La société considère qu’il n’est pas davantage pertinent de traduire littéralement la marque Guess (« deviner ») puisque ce terme ne se lit pas comme un message mais représente une marque connue du grand public depuis plusieurs dizaines d’années, dans le monde entier.

Enfin, la photographie en question a fait l’objet d’une campagne d’affichage en France limitée à une durée de 10 jours, le contenu n’étant plus accessible depuis le 9 mars 2022.

En conclusion, la société Guess conteste le bien-fondé des plaintes transmises au Jury et sollicite de ce dernier qu’il rende un avis favorable quant à la photographie contestée : une photographie artistique représentant, de manière vintage, l’esprit aventureux des Etats-Unis et célébrant à cette occasion le corps des femmes et leur liberté.

3. L’analyse du Jury

Le Jury rappelle que la Recommandation « Image et respect de la personne » de l’ARPP dispose que :

« 1.1 La publicité ne doit pas être susceptible de heurter la sensibilité, choquer ou même provoquer le public en propageant une image de la personne humaine portant atteinte à sa dignité et à la décence.

1.2 Lorsque la publicité utilise la nudité, il convient de veiller à ce que sa représentation ne puisse être considérée comme avilissante et aliénante et a fortiori ne réduise pas la personne à un objet.

2-1 La publicité ne doit pas réduire les personnes humaines, et en particulier les femmes, à la fonction d’objet.

2-3 La publicité ne peut valoriser, même indirectement, des sentiments ou des comportements d’exclusion, d’intolérance, de sexisme ».

Le Jury estime légitime qu’un annonceur mette en valeur les produits qu’il commercialise en recourant au registre de la séduction voire de l’érotisme et en valorisant les formes des modèles qui les portent afin d’accroître l’envie de les acheter.
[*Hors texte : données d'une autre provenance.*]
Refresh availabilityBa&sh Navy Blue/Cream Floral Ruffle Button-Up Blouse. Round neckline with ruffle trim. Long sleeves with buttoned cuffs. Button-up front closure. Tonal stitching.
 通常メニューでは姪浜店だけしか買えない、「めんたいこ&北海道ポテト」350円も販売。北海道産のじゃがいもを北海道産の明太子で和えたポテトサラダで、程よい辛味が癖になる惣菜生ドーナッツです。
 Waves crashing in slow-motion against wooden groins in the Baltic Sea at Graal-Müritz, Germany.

Pour autant, il doit veiller à ce que la représentation du corps humain et, en particulier, celui de la femme, ne le ou la réduise pas à la fonction d’objet, en tenant compte de la nature du ou des produits dont il s’agit de faire la promotion. En outre, même lorsqu’un produit a trait à l’intimité corporelle ou à une activité de nature sexuelle, la publicité qui le promeut ne doit pas, en particulier par le recours à une nudité excessive, des postures trop suggestives ou une mise en scène inappropriée, être susceptible de heurter la sensibilité, choquer ou même provoquer le public en propageant une image de la personne humaine portant atteinte à sa dignité et à la décence

Le Jury relève que la publicité en cause consiste en la photographie sur fond blanc d’une jeune femme de dos, portant une veste en cuir laissant apparaître ses fesses nues et le haut de ses cuisses. Une étiquette portant le nom de la marque, en forme de triangle, est apposée à l’arrière de la veste, la pointe dirigée vers le milieu des fesses de la femme.
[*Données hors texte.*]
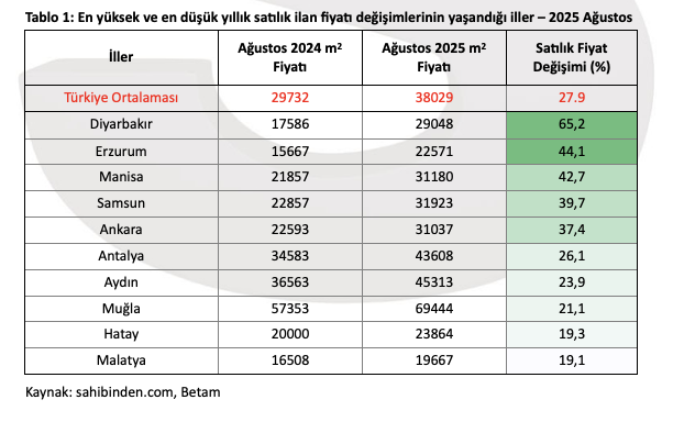 Satılık konut piyasası ise canlılığı gösteriyor. Talep endeksi ağustosta %5,6 artışla son iki yılın zirvesine çıkarken, reel fiyatlar büyük şehirlerin çoğunda geriledi. Ankara yine pozitif bölgede kaldı. Cari fiyatlarda yıllık artış %27,9’a ulaştı. En hızlı yükseliş Diyarbakır ve Erzurum gibi Anadolu illerinde görüldü. Buna karşılık birçok büyükşehirde artış oranları enflasyonun altında kaldı. Satış ilanlarının yayında kalma süresi ise ortalama 58,5 güne çıkarak işlem süresinin uzadığına işaret ediyor.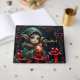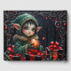 Cute Elf Child in Grönt Hooded Jackar med julprydnad - Magic Fantasy Helgdag Design. Ett sött elf-barn med stort ögon och stort öron bär en grönt päls-trimmad jacka och håller en glödande julprydnad i orange. Omgiven av presentboxar med rött rosett band, gräs grenar och bär, känns denna magiska helgdag både festlig och mystisk. Mörken arrangerar ram i syfte att se till en förändrad skog och gör denna perfekt till fantasi älskare, julkonst fläkt och magisk helgdag.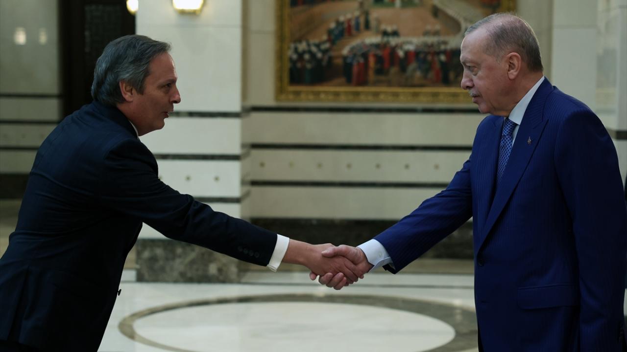 Cumhurbaşkanlığı Külliyesi`ndeki kabulde, İtalya Büyükelçisi Giuseppe Manzo, Arjantin Büyükelçisi Pablo Jose Rodriguez Brizuela ve Katar Büyükelçisi Faisal Abdullah H. A. Al-Hanzab, Cumhurbaşkanı Erdoğan`a güven mektuplarını sundu.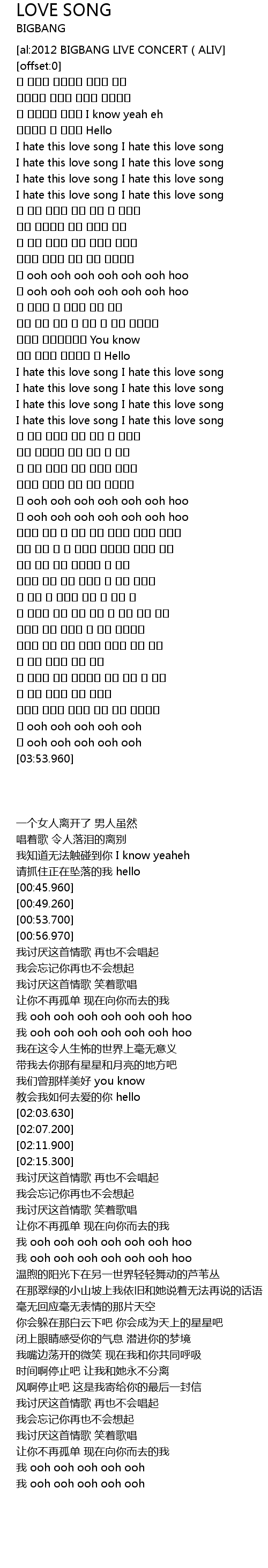 | [00:45.960] | I hate this love song I hate this love song |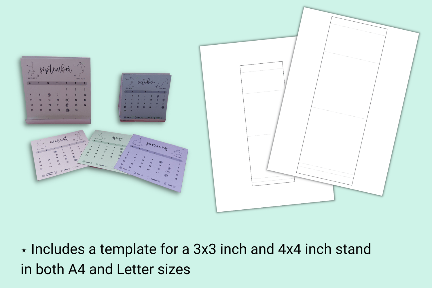 As this is a digital download, no physical product will be mailed to you. You'll receive one ZIP file containing the 2023 calendar with a folder containing the stand template in 2 different sizes: A4 (21x29.7 cm/8.3x11.7 in) and Letter US (21.6x27.9 cm/8.5x11 in). On the second folder, you’ll find the calendar in A4 and Letter, each with a Monday or Sunday start option (for each size of the calendar).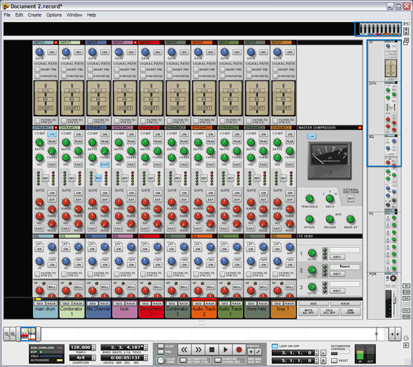 Микшер настолько высок, что даже при разрешении экрана 1280x1024 в развернутом на всю окне Record помещается только половина содержимого. Поэтому в самой правой части окна предусмотрена область Overview, где отображена линейка микшера в уменьшенном виде и можно перемещаться по микшеру в вертикальной плоскости. Там же имеется возможность скрыть (свернуть) ненужные нам блоки микшера, дабы несколько компактировать микшер:

Le Jury comprend des observations de l’annonceur que l’attitude libre et assurée de la jeune femme fait référence à une représentation métaphorique des Etats-Unis et de l’Ouest américain et que l’objectif de la campagne n’était pas de présenter une femme soumise ou exploitée. Le Jury estime toutefois que cette exposition de la nudité, accentuée par le triangle qui pointe le sillon inter-fessier de la jeune femme et qui n’est pas du tout contextualisée, notamment par un décor ou une mise en scène sur le thème choisi qui pourrait expliquer cette tenue, n’est pas en lien direct avec les vêtements promus et renvoie une image dégradante de la femme comme objet sexuel. Cette présentation est de nature à heurter la sensibilité du public ou le choquer en propageant une image de la personne humaine portant atteinte à sa dignité et à la décence.

Le Jury estime ainsi que ce visuel excède ce qui est admissible au regard des points 1.1, 1.2, 2.1 et 2.2 de la Recommandation « Image et respect de la personne » de l’ARPP précitée et méconnaît en conséquence ces règles déontologiques.

Avis adopté le 9 septembre 2022 par M. Lallet, Président, Mme Gargoullaud, Vice-Présidente, Mmes Lenain, Boissier et Charlot, MM. Depincé, Le Gouvello, Lucas-Boursier et Thomelin.